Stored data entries
__________________________________________________

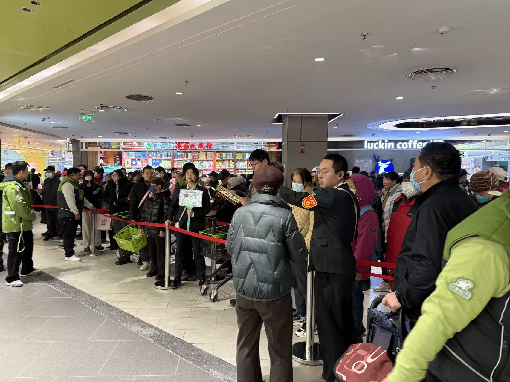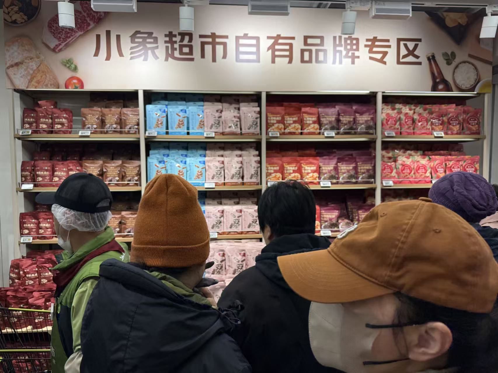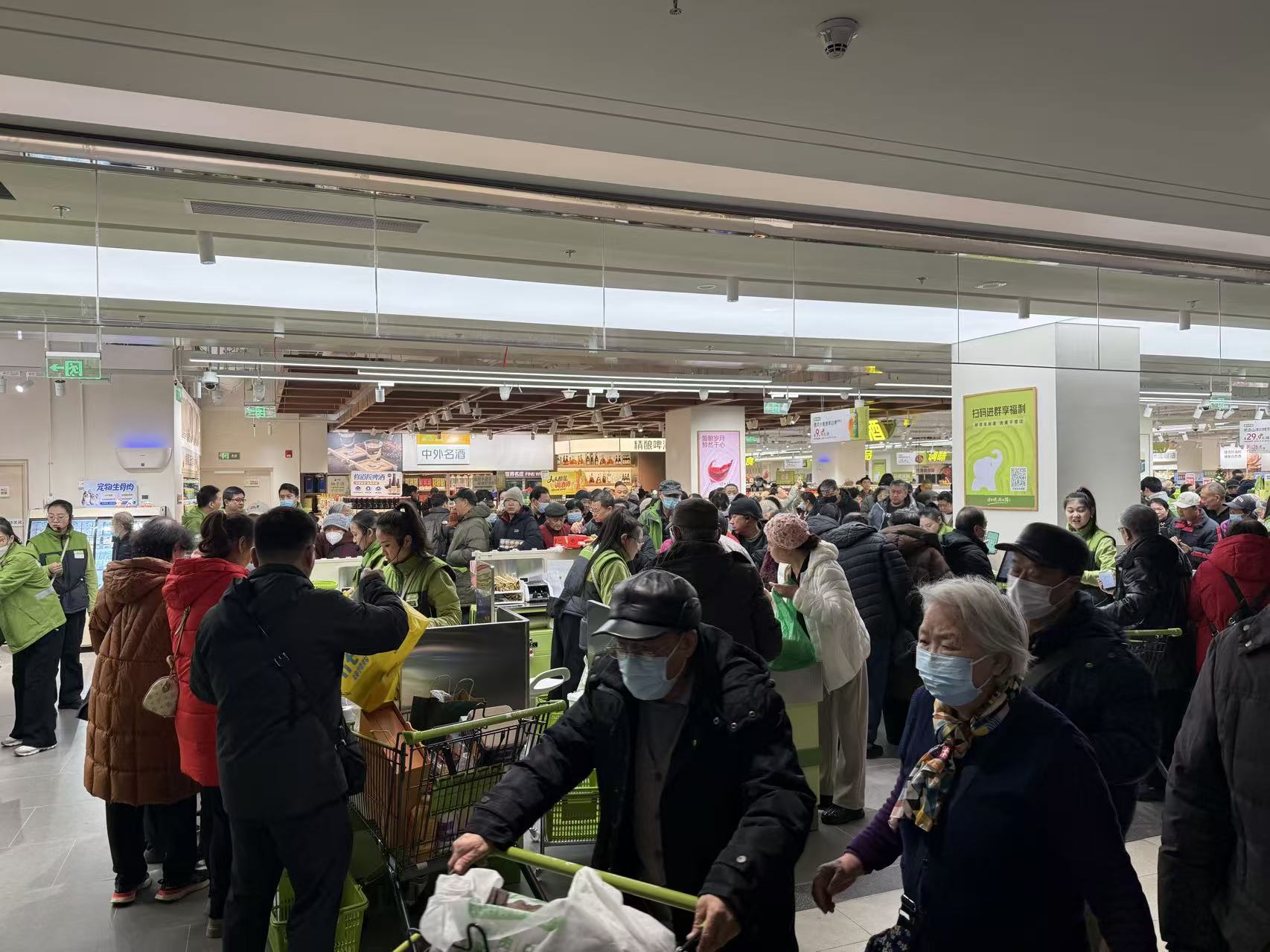 按照指示牌走到小象超市,人多到要拉红线分流。从早上七点半开张,一直到下午一点多,人潮依然熙熙攘攘。但真正走进去,会发现一种“熟悉又陌生”的混搭感。
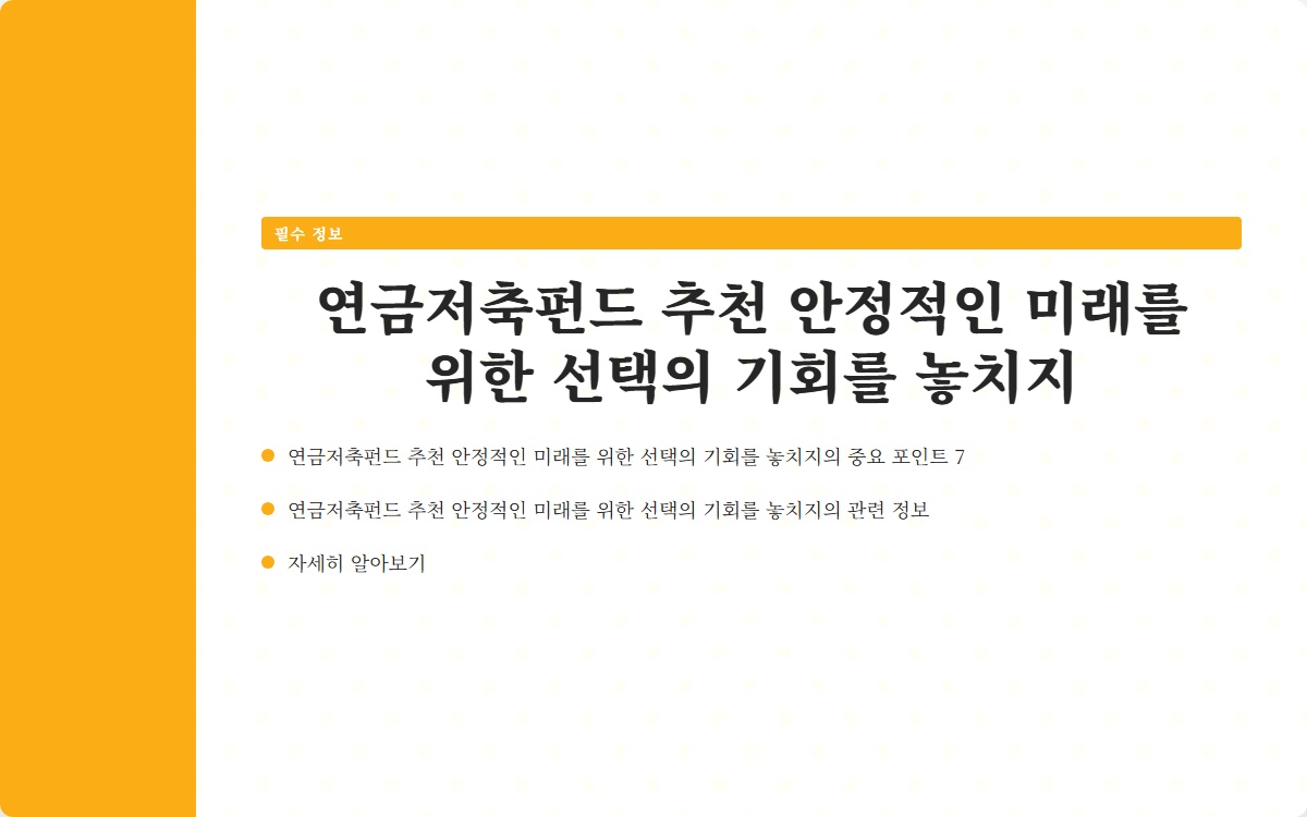 결론적으로, 연금저축펀드 추천은 안정적이고 계획적인 노후 생활을 위한 탁월한 선택이 될 수 있습니다. 각자의 필요와 투자 성향에 맞는 펀드를 선택함으로써, 보다 밝고 안정적인 미래를 준비할 수 있습니다. 따라서, 지금 바로 연금저축펀드에 대한 정보 수집을 시작하고, 전문가의 조언을 통해 올바른 선택을 하기를 권장합니다.
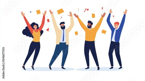 A vibrant illustration of four cheerful people celebrating with raised arms and colorful confetti, expressing joy and excitement.
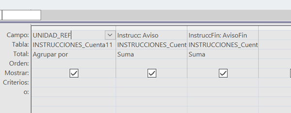He creado un campo de texto en un formulario y le he puesto este código en el origen de control de un formulario "=DBúsq("Instrucc","INSTRUCCIONES_Cuenta";"UNIDAD_REF=" & [me].[instrucc].[Valor])" lo que necesito y no me sale es que en dicho campo de texto me aparezca el valor existente en una consulta llamada INSTRUCCIONES_Cuenta y el campo a buscar se llama Instrucc, siendo el campo de relación UNIDAD_REF
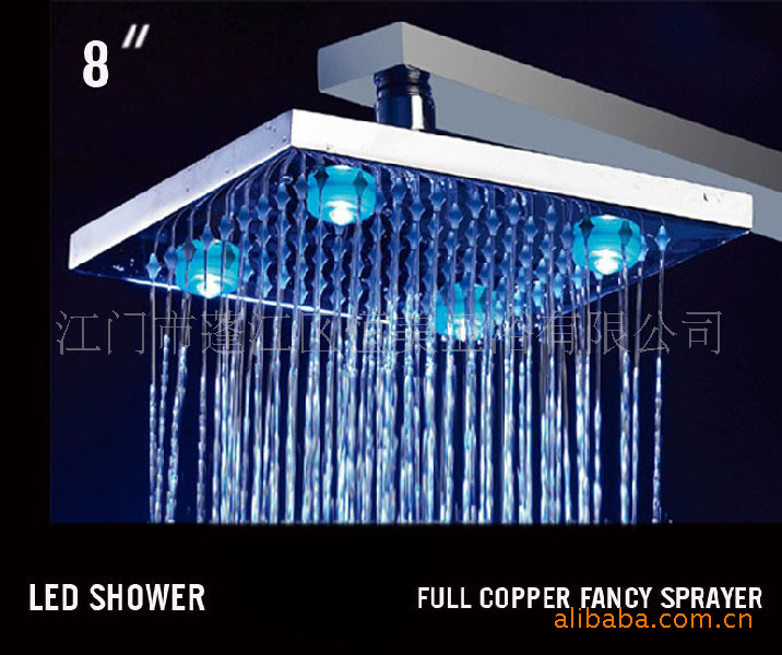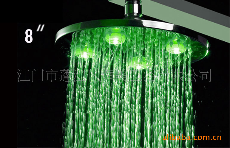 8)当水流出时,淋浴头内置LED灯会发光;
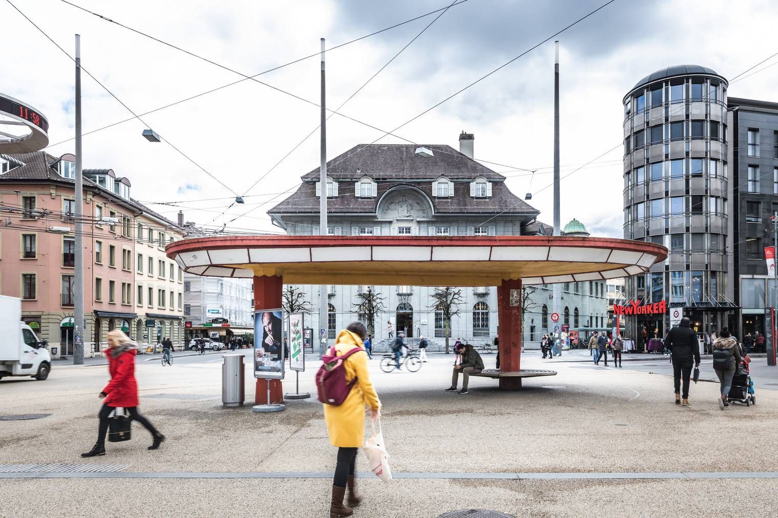 Das markante Runddach auf dem Zentralplatz war früher eine Wartehalle des ehemaligen Tramnetzes. Heute gibt es noch acht davon, aufgrund ihrer Form auch «Pilze» genannt.
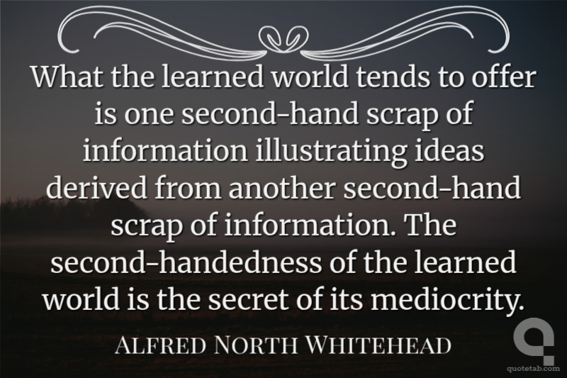 What the learned world tends to offer is one second-hand scrap of information illustrating ideas derived from another second-hand scrap of information. The second-handedness of the learned world is the secret of its mediocrity.

__________________________________________________

An exact copy of every line above, minus the pictures, is the required output.

FINISHED EXERCISE
 按照指示牌走到小象超市,人多到要拉红线分流。从早上七点半开张,一直到下午一点多,人潮依然熙熙攘攘。但真正走进去,会发现一种“熟悉又陌生”的混搭感。
 결론적으로, 연금저축펀드 추천은 안정적이고 계획적인 노후 생활을 위한 탁월한 선택이 될 수 있습니다. 각자의 필요와 투자 성향에 맞는 펀드를 선택함으로써, 보다 밝고 안정적인 미래를 준비할 수 있습니다. 따라서, 지금 바로 연금저축펀드에 대한 정보 수집을 시작하고, 전문가의 조언을 통해 올바른 선택을 하기를 권장합니다.
 A vibrant illustration of four cheerful people celebrating with raised arms and colorful confetti, expressing joy and excitement.
He creado un campo de texto en un formulario y le he puesto este código en el origen de control de un formulario "=DBúsq("Instrucc","INSTRUCCIONES_Cuenta";"UNIDAD_REF=" & [me].[instrucc].[Valor])" lo que necesito y no me sale es que en dicho campo de texto me aparezca el valor existente en una consulta llamada INSTRUCCIONES_Cuenta y el campo a buscar se llama Instrucc, siendo el campo de relación UNIDAD_REF
 8)当水流出时,淋浴头内置LED灯会发光;
 Das markante Runddach auf dem Zentralplatz war früher eine Wartehalle des ehemaligen Tramnetzes. Heute gibt es noch acht davon, aufgrund ihrer Form auch «Pilze» genannt.
 What the learned world tends to offer is one second-hand scrap of information illustrating ideas derived from another second-hand scrap of information. The second-handedness of the learned world is the secret of its mediocrity.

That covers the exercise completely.